* [Exercise requirements]: Pictures aside, output each record exactly.

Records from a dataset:
···

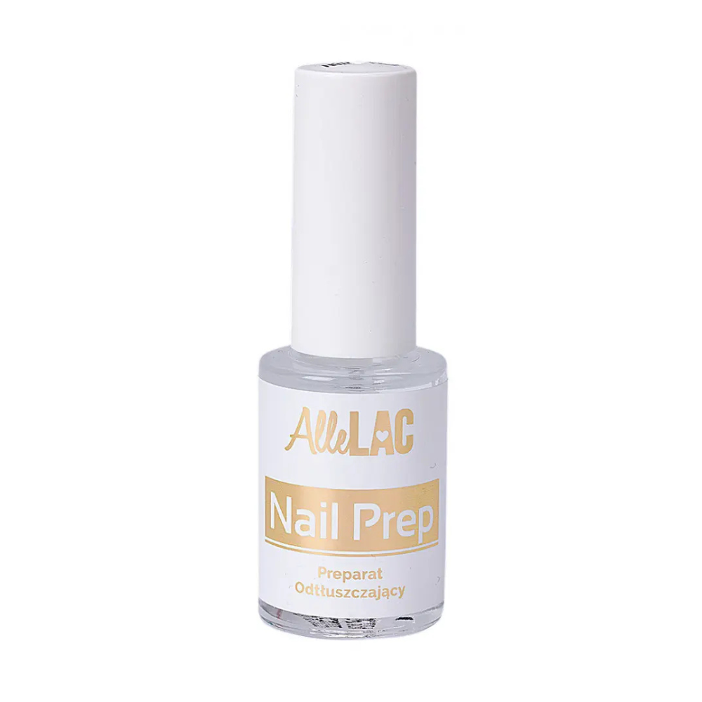 El Nail Prep ALLE LAC es un preparador profesional esencial para garantizar una adhesión perfecta del esmalte semipermanente, gel o acrílico. Su fórmula elimina eficazmente la humedad y la grasa natural de la superficie de la uña, creando la base ideal para un esmaltado duradero y resistente.
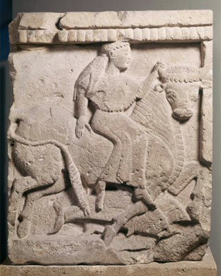Relieve del rapto de Europa procedente de Selinunte (templo Y). Museo Regional Antonio Salinas de Palermo (Sicilia). Siglo VII a.C. Fotografía autor.
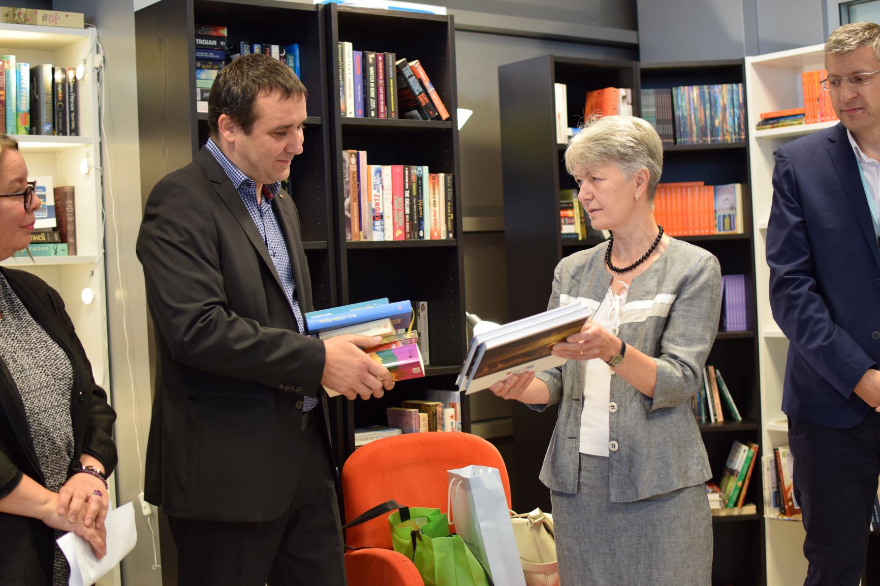 Doamna Christine Manta-Klemens, Vicepreședinta Consiliului Județean Sibiu, pe lângă felicitări și cuvintele de încurajare adresate celor care au creat această oportunitate culturală pentru pasagerii AIS, a donat câteva volume care vor fi integrate în fondul de carte Reader on Board | Cititor la Bord.
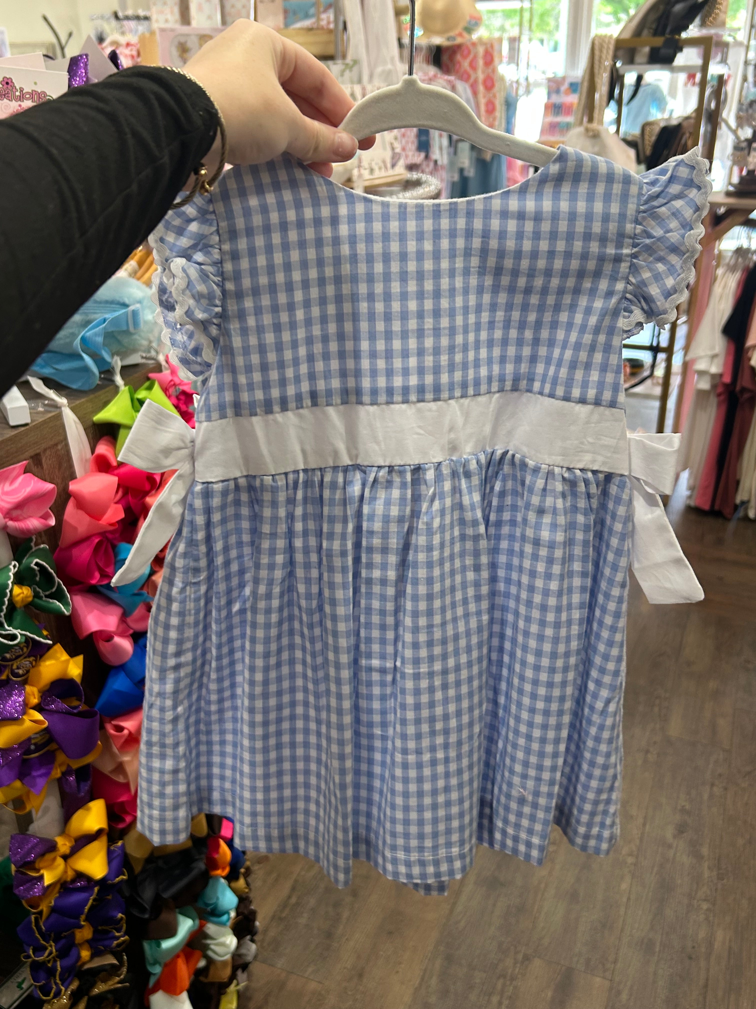 This dress is part of our Mommy & Me series. Find the matching Mom look by searching "Ladies Light Blue Gingham Ruffle Sleeve Top" in our store.
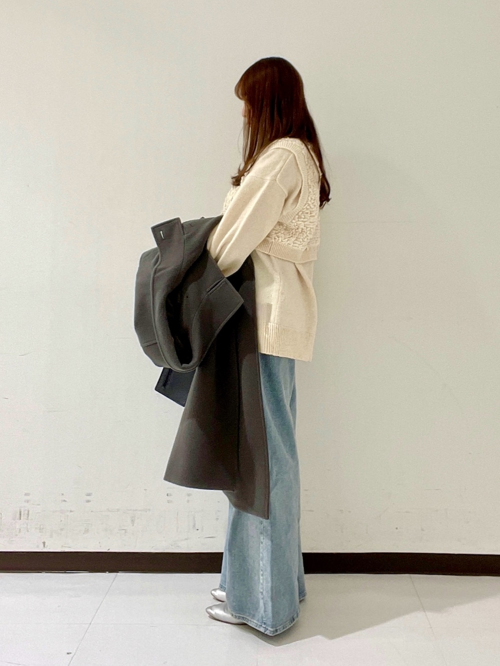 身幅にしっかり余裕があるので、中にニットを着込んでも窮屈に感じません。
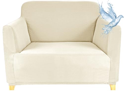 1-sits sofföverdrag, vattentätt stretch fåtöljöverdrag med armstöd, soffskydd med armstöd, fläcksäkert skyddsöverdrag, sofföverdrag i krämvit
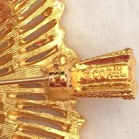 This beautiful Christmas tree pin of textured gold tone tiers, edged in shiny polished gold tone measures 2-1/8 x 1-7/8" and has a safety closure. In Excellent Condition, it dates from the 1960s and is signed, "COREL" raised from the mold on the reverse of the piece. Coro was a division of Coro Jewelry.
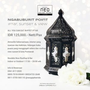 Hanya Rp125,000 per orang, kita sudah bisa menikmati berbagai takjil, hidangan lezat, stall dan live cooking serta berbagai kue dan minuman segar sepuasnya. Jadi jangan ragu lagi untuk Ngabuburit dan Buka Puasa Bersama di Hotel Neo Gajah Mada Pontianak.
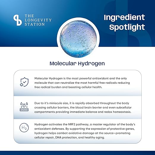 - Molecular Hydrogen is the smallest molecule that exists and serves as a powerful antioxidant within the body. Due to its miniscule size, it crosses cellular barriers and absorbs easily throughout the body. Hydrogen rapidly provides balance in the body by neutralizing free radical damage and oxidative stress. By achieving this at the cellular level, this is a recipe for longevity and anti-aging and is the ultimate wellness companion to take your health to the next level.
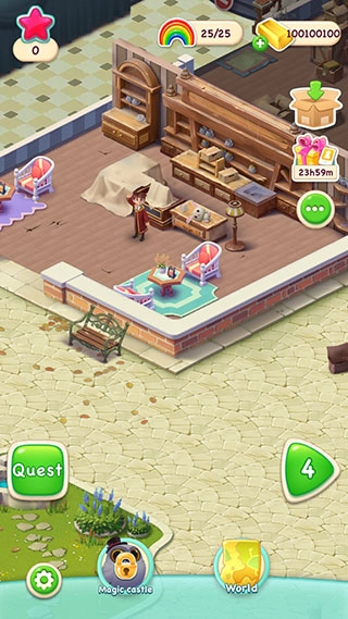 5、接下来在主界面中,点击位于左下角的任务按钮,通过消耗星星对庄园进行翻新。
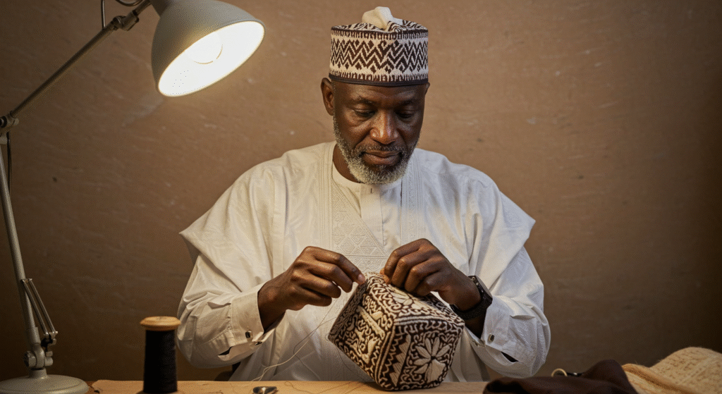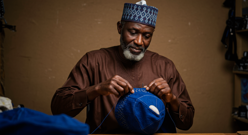 “People often ask why it’s so expensive,” says Umaru Bello, a third-generation capmaker from Katsina. “But if you watch someone sit for 8 hours a day stitching with a single needle and a steady hand, you won’t ask again.”
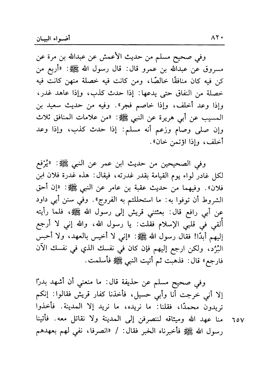 وفي الصحيحين من حديث ابن عمر عن النبي - صلى الله عليه وسلم -: "يُرْفع لكل غادر لواء يوم القيامة بقدر غدرته، فيقال: هذه غدرة فلان ابن فلان". وفيهما من حديث عقبة بن عامر عن النبي - صلى الله عليه وسلم -: "إن أحق الشروط أن توفوا به: ما استحللتم به الفروج". وفي سنن أبي داود عن أبي رافع قال: بعثتني قريش إلى رسول الله - صلى الله عليه وسلم -، فلما رأيته أُلقي في قلبي الإسلام فقلت: يا رسول الله، والله إني لا أرجع إليهم أبدًا! فقال رسول الله - صلى الله عليه وسلم -: "إني لا أخيس بالعهد، ولا أحبس البُرُد، ولكن ارجع إليهم فإن كان في نفسك الذي في نفسك الآن فارجع" قال: فذهبت ثم أتيت النبي - صلى الله عليه وسلم - فأسلمت.

···

* [Your solution]:
 El Nail Prep ALLE LAC es un preparador profesional esencial para garantizar una adhesión perfecta del esmalte semipermanente, gel o acrílico. Su fórmula elimina eficazmente la humedad y la grasa natural de la superficie de la uña, creando la base ideal para un esmaltado duradero y resistente.
Relieve del rapto de Europa procedente de Selinunte (templo Y). Museo Regional Antonio Salinas de Palermo (Sicilia). Siglo VII a.C. Fotografía autor.
 Doamna Christine Manta-Klemens, Vicepreședinta Consiliului Județean Sibiu, pe lângă felicitări și cuvintele de încurajare adresate celor care au creat această oportunitate culturală pentru pasagerii AIS, a donat câteva volume care vor fi integrate în fondul de carte Reader on Board | Cititor la Bord.
 This dress is part of our Mommy & Me series. Find the matching Mom look by searching "Ladies Light Blue Gingham Ruffle Sleeve Top" in our store.
 身幅にしっかり余裕があるので、中にニットを着込んでも窮屈に感じません。
 1-sits sofföverdrag, vattentätt stretch fåtöljöverdrag med armstöd, soffskydd med armstöd, fläcksäkert skyddsöverdrag, sofföverdrag i krämvit
 This beautiful Christmas tree pin of textured gold tone tiers, edged in shiny polished gold tone measures 2-1/8 x 1-7/8" and has a safety closure. In Excellent Condition, it dates from the 1960s and is signed, "COREL" raised from the mold on the reverse of the piece. Coro was a division of Coro Jewelry.
 Hanya Rp125,000 per orang, kita sudah bisa menikmati berbagai takjil, hidangan lezat, stall dan live cooking serta berbagai kue dan minuman segar sepuasnya. Jadi jangan ragu lagi untuk Ngabuburit dan Buka Puasa Bersama di Hotel Neo Gajah Mada Pontianak.
 - Molecular Hydrogen is the smallest molecule that exists and serves as a powerful antioxidant within the body. Due to its miniscule size, it crosses cellular barriers and absorbs easily throughout the body. Hydrogen rapidly provides balance in the body by neutralizing free radical damage and oxidative stress. By achieving this at the cellular level, this is a recipe for longevity and anti-aging and is the ultimate wellness companion to take your health to the next level.
 5、接下来在主界面中,点击位于左下角的任务按钮,通过消耗星星对庄园进行翻新。
 “People often ask why it’s so expensive,” says Umaru Bello, a third-generation capmaker from Katsina. “But if you watch someone sit for 8 hours a day stitching with a single needle and a steady hand, you won’t ask again.”
 وفي الصحيحين من حديث ابن عمر عن النبي - صلى الله عليه وسلم -: "يُرْفع لكل غادر لواء يوم القيامة بقدر غدرته، فيقال: هذه غدرة فلان ابن فلان". وفيهما من حديث عقبة بن عامر عن النبي - صلى الله عليه وسلم -: "إن أحق الشروط أن توفوا به: ما استحللتم به الفروج". وفي سنن أبي داود عن أبي رافع قال: بعثتني قريش إلى رسول الله - صلى الله عليه وسلم -، فلما رأيته أُلقي في قلبي الإسلام فقلت: يا رسول الله، والله إني لا أرجع إليهم أبدًا! فقال رسول الله - صلى الله عليه وسلم -: "إني لا أخيس بالعهد، ولا أحبس البُرُد، ولكن ارجع إليهم فإن كان في نفسك الذي في نفسك الآن فارجع" قال: فذهبت ثم أتيت النبي - صلى الله عليه وسلم - فأسلمت.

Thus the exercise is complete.